She suited up in her uniform and
met Ivy in the hall soon after. Ivy insisted they start at the bottom of the
ship and work up. Then her friend talked non-stop about interstellar commerce.
When Ivy wanted to avoid romantic issues, she often bored Roz with facts.
Perhaps she wanted to punish any sisters listening in. “Our next stop, Cardiam
used to be the biggest heavy-metal mine in the sector, but it’s playing out
now. These colonists are super rich, so they’ve shifted to building reactors
and gravity plates. The gas giant in the center of the system has beautiful
rings like Saturn but larger and more numerous. The rings are so big that we
can see them from the next star over, blocking sunlight in strobe patterns as
they pass between us and the target suns.”
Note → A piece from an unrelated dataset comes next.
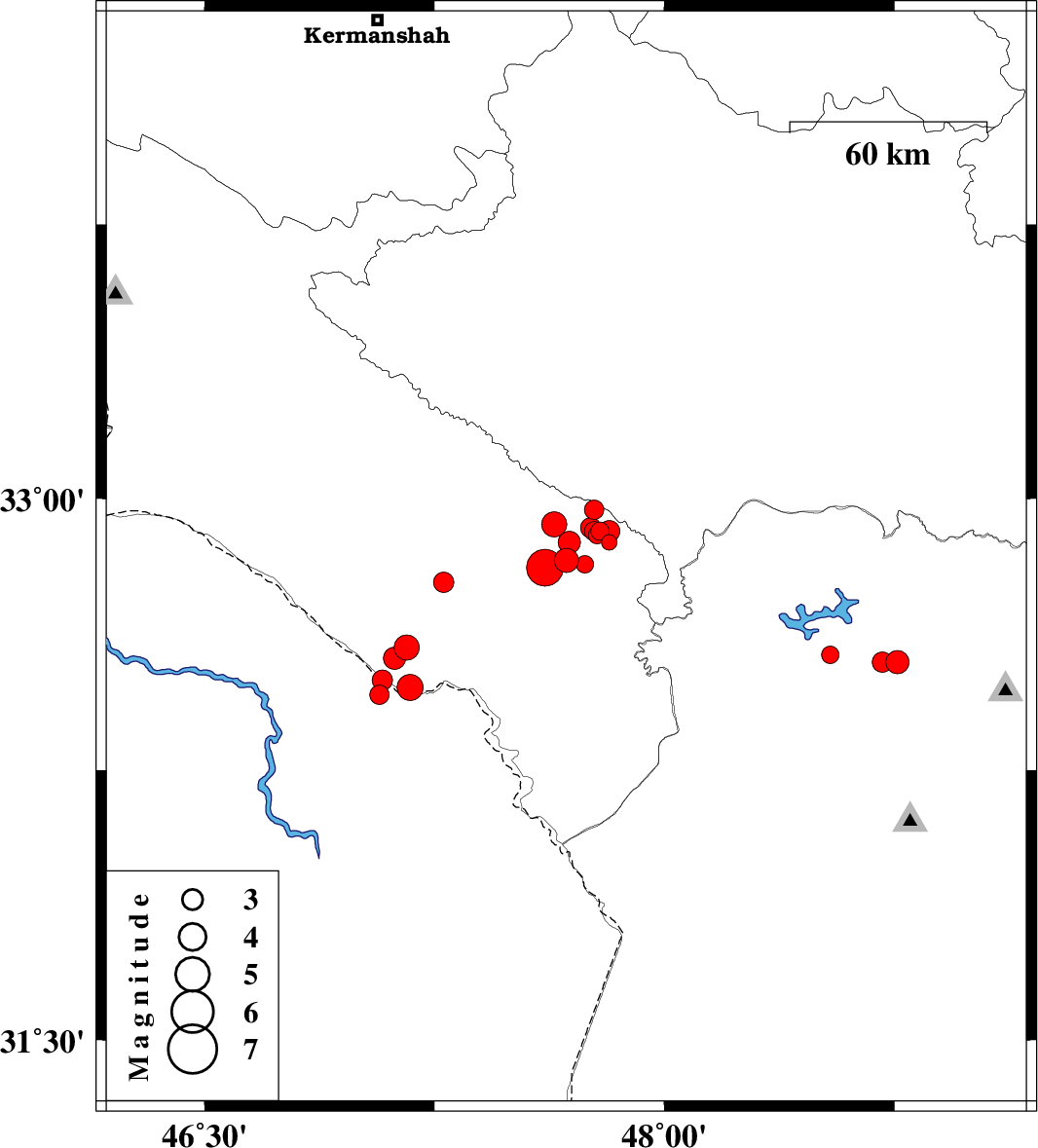 | 2012/05/03 | 11:12:54.3 | 15:42:54.3 | 32.93 | 47.64 | 14 | ML3.6 | Ilam Province, 16 km East of Abdanan | ||

Ivy wouldn’t meet her gaze.

“What is it? What won’t you tell
me?” Roz asked.

“Once we’ve made the jump,” Ivy
promised.

Panic gripped Roz. “Is someone
dying?”

“No. And making you worry isn’t
going to help you pilot. Max and Reuben are … exploring our alternatives.”

“Are you pregnant?”
If she is, I
hope to hell the father’s Human.

“This is strictly company business.
We’ll have a meeting as soon as you’re clear. I promise we won’t decide
anything without you.”

Roz cursed. “Treat me like an
adult.”

“Practice your breathing exercises
while I tell you the news. Realize that military intelligence is not an exact
science.”

Roz sat cross-legged and did the
breathing exercise until her annoyance level lowered. “Okay.”

“Your dragon outfit intrigued Kesh,
so he asked around. The fabric came from a Saurian merchant ship that passed
through here about four months ago along the same route we’re flying.”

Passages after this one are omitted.